ACTIVITY |
Each line below from the line with "am Selbermachen haben." to the line with "Een lichtbeige Quilted" must be copied exactly, including those two, and no picture may appear in the copy.

DATASET SECTION |
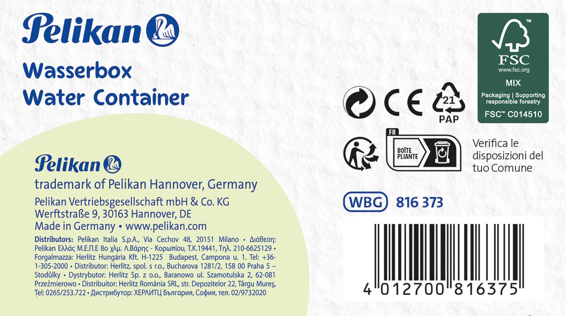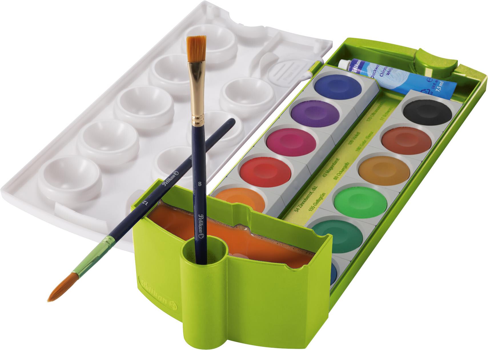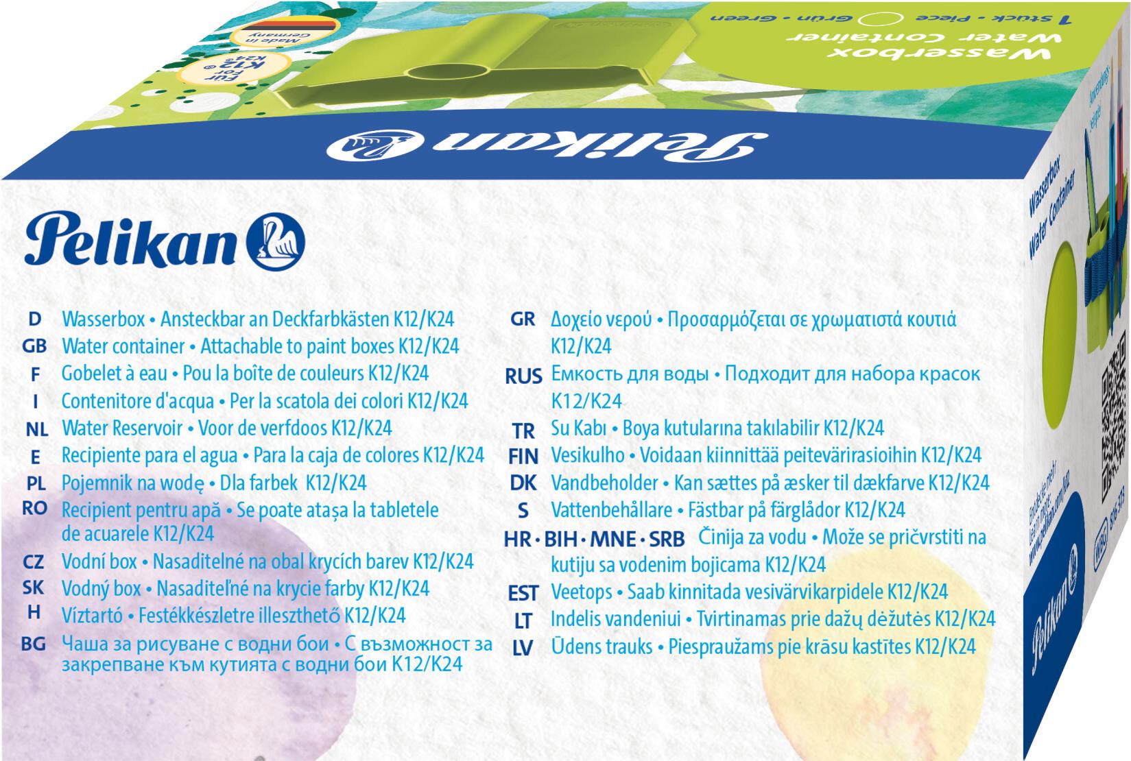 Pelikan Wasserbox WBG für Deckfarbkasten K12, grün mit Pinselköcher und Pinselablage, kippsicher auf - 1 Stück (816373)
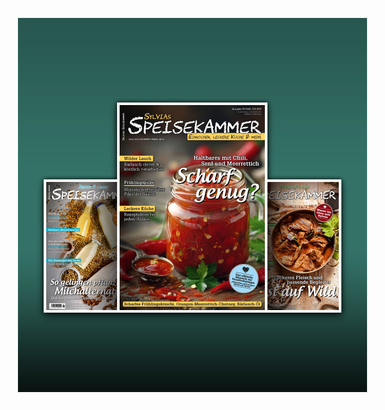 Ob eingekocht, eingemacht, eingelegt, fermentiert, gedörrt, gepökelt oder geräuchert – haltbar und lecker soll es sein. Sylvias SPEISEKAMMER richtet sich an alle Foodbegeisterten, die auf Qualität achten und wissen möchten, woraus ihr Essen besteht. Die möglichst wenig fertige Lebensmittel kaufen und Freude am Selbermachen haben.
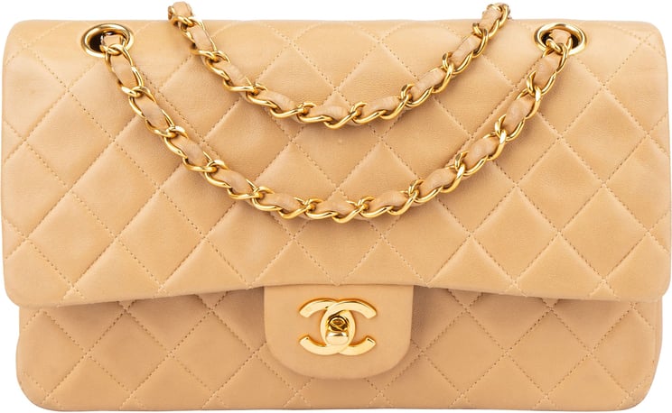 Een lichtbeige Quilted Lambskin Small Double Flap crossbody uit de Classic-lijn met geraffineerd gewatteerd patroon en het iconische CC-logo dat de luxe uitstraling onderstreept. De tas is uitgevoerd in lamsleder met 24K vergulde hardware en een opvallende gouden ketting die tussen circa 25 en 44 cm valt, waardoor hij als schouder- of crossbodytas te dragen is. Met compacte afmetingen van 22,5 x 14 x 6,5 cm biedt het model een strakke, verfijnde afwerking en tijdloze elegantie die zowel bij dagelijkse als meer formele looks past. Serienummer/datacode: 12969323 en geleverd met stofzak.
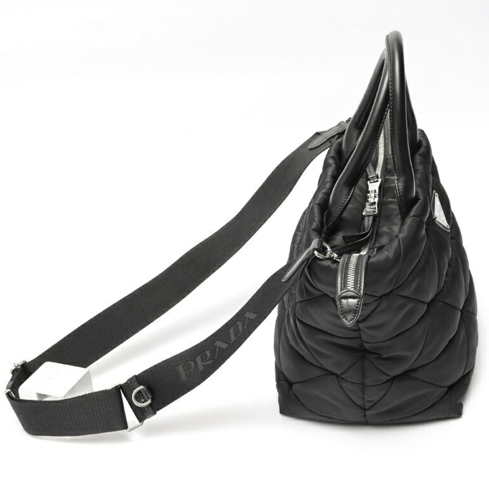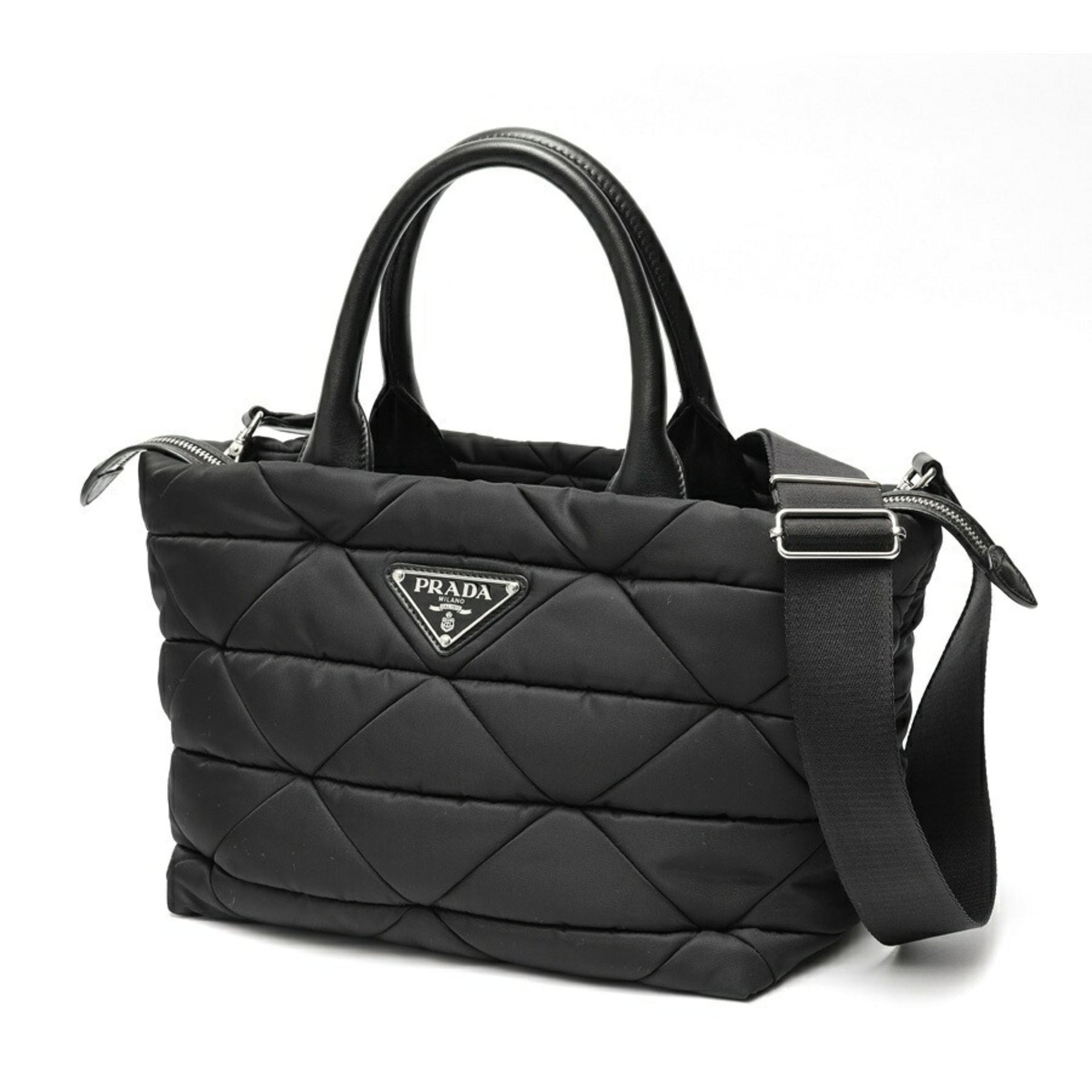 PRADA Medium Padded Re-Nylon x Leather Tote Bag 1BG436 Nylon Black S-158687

TASK RESULT |
 Ob eingekocht, eingemacht, eingelegt, fermentiert, gedörrt, gepökelt oder geräuchert – haltbar und lecker soll es sein. Sylvias SPEISEKAMMER richtet sich an alle Foodbegeisterten, die auf Qualität achten und wissen möchten, woraus ihr Essen besteht. Die möglichst wenig fertige Lebensmittel kaufen und Freude am Selbermachen haben.
 Een lichtbeige Quilted Lambskin Small Double Flap crossbody uit de Classic-lijn met geraffineerd gewatteerd patroon en het iconische CC-logo dat de luxe uitstraling onderstreept. De tas is uitgevoerd in lamsleder met 24K vergulde hardware en een opvallende gouden ketting die tussen circa 25 en 44 cm valt, waardoor hij als schouder- of crossbodytas te dragen is. Met compacte afmetingen van 22,5 x 14 x 6,5 cm biedt het model een strakke, verfijnde afwerking en tijdloze elegantie die zowel bij dagelijkse als meer formele looks past. Serienummer/datacode: 12969323 en geleverd met stofzak.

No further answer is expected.